▶ [What the exercise asks]
Every line in the records below between the one holding "Di tejmaât n" and the one holding "The machine can", inclusive, is to be set down exactly; all other lines are to be left out.

Items listed in a dataset:
▼▼▼
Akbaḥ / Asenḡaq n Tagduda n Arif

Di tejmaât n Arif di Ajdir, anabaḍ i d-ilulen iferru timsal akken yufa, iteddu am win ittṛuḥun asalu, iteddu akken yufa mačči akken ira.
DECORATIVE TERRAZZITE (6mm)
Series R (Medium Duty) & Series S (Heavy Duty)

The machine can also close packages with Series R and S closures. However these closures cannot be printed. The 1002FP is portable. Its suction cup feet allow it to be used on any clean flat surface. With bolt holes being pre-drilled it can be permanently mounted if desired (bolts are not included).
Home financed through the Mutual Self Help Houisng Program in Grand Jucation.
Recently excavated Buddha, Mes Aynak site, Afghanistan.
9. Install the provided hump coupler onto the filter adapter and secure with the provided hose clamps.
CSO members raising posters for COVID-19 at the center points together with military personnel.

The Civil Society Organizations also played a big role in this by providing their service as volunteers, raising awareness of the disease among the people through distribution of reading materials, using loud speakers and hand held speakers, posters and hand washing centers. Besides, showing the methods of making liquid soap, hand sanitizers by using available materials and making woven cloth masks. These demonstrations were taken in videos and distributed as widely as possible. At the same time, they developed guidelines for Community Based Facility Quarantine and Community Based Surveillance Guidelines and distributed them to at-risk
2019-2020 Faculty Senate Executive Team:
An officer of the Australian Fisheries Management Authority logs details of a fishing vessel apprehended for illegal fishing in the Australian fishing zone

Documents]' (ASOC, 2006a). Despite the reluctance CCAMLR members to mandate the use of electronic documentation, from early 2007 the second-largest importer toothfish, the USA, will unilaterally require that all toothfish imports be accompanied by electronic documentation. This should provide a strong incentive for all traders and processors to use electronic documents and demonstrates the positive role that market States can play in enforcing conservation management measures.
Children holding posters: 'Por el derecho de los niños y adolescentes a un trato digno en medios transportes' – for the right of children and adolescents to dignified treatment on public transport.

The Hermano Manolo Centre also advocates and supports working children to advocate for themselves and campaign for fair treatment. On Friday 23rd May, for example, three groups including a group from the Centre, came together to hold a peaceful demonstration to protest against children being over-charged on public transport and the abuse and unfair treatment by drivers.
▲▲▲
▶ [Completed exercise]
Di tejmaât n Arif di Ajdir, anabaḍ i d-ilulen iferru timsal akken yufa, iteddu am win ittṛuḥun asalu, iteddu akken yufa mačči akken ira.
DECORATIVE TERRAZZITE (6mm)
Series R (Medium Duty) & Series S (Heavy Duty)

The machine can also close packages with Series R and S closures. However these closures cannot be printed. The 1002FP is portable. Its suction cup feet allow it to be used on any clean flat surface. With bolt holes being pre-drilled it can be permanently mounted if desired (bolts are not included).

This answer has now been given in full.